Even withstading Gael Clichy’s barely forgivable stupidity and arrogance in injury time at St. Andrews yesterday, that was never a penalty. All afternoon, Dean appeared incapable of giving anything to Arsenal. The only thoroughly correct decision he made all afternoon only occurred when an Arsenal player’s ankle was hanging off of his leg. Dean’s refereeing rivalled Coward Webb and Mike Riley in its one eyed thought process. We must use biased little fuckers such as these to propel us to the title. Starting with Villa next week, we must go into every game with a snarl (whilst not manifesting that aggression on the shin bones of opponents). Gallas showed us all yesterday how much it means to him, now he must show it to his team mates. We as fans have a part to play as well, we must whistle and bitch for every decision. Even if we know it’s not a foul, let’s whinge and shout and scream that it is. The authorities look hellbent on handing United the title, lets snatch it out of their grubby mits. Fuck them, it’s time to blow the motherfucking roof off, because the mood has just changed.

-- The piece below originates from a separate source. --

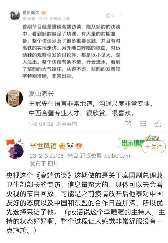 專訪泰國副總理阿努廷時,主持人李曈曈提到,他去機場迎接中國游客的新聞,在中國社交媒體有4.9億閱讀量。阿努廷感動地說,他當時說的都是肺腑之言,沒想到會有這么多人看到這條新聞。
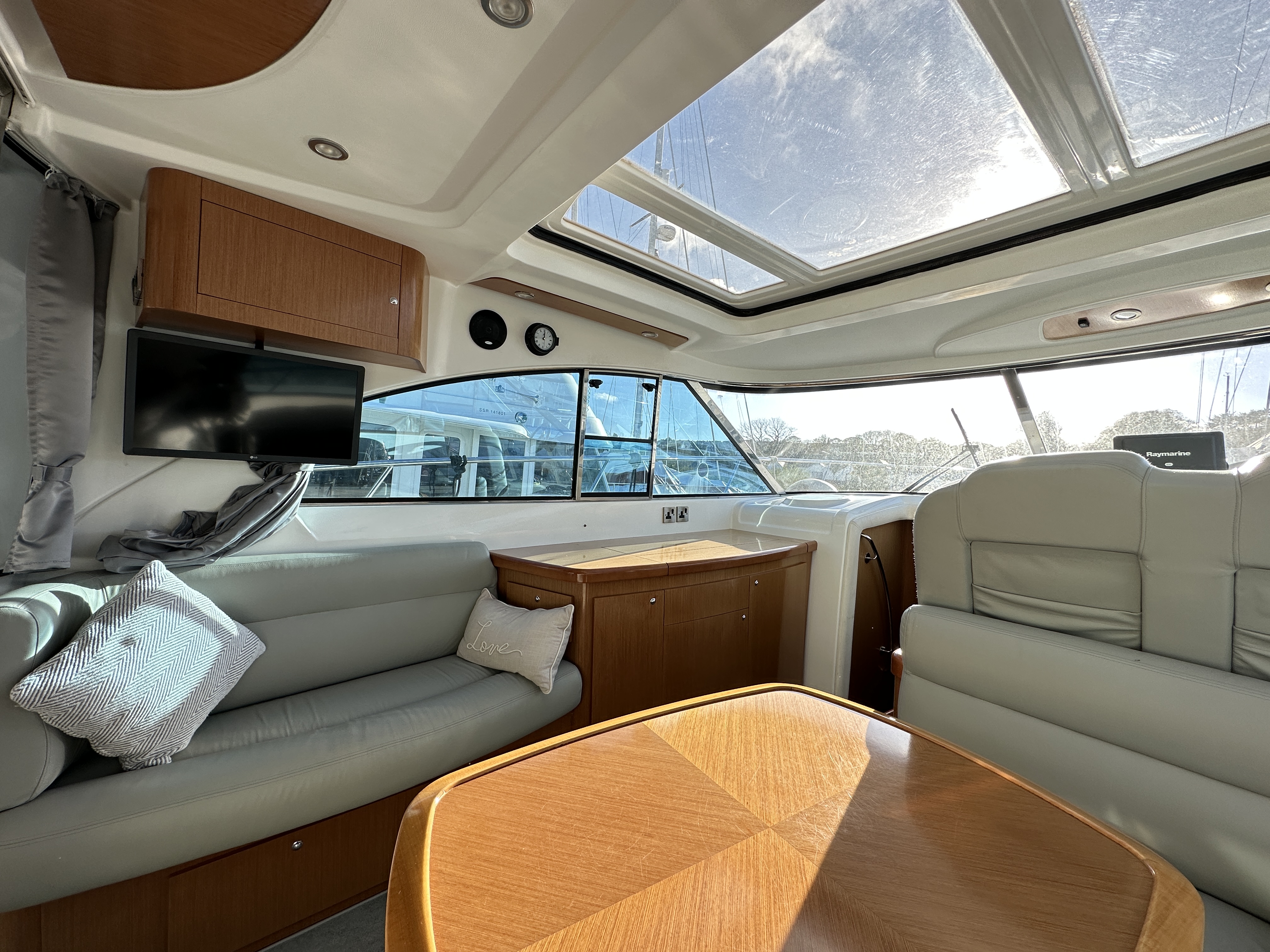 electric sunroof, double helm seat with a u shaped seating arrangement for dinning. The Galley is also in this

As Franklin Delano Roosevelt once said, ‘we have nothing to fear but fear itself.’ So let’s leave that twat Nani medalless come May, Gallas can do some keepy uppies in the lap of honour. Bacary Sagna, your bravery in the face of adversity is utterly commendable, your brother would be very proud of you. You deserve a title winners’ medal, go out and earn it son. We must imagine that ‘oh shit’ look smeared over the faces of Nani and Ferguson, the sight of Mike Dean tearing up his betting slip in disgust, Hansen’s appearance on Match of the Day as the highlights reel of Arsenal’s season is run in our tribute. Fuck em all, fuck em all, United, West Ham, Hansen, Tottenham, Bruce, Ferguson, Nani and Liverpool. Fuck them all, fuck anyone that doubts us. I posted a quote from the latest Rocky film in an article last week that bears reptition, ‘life isn’t about how hard you can hit, it’s how hard you can be hit and keep moving forward.’ Arsenal,the time to hit back is at hand. As myself and 3,000 other travelling fans sang yesterday, ‘we’re gunner win it for Eduardo.’ The sight of him walking onto the podium to collect his medal come May should be motivation more than any of the aforementioned. Victoria Concordia Crescit.LD.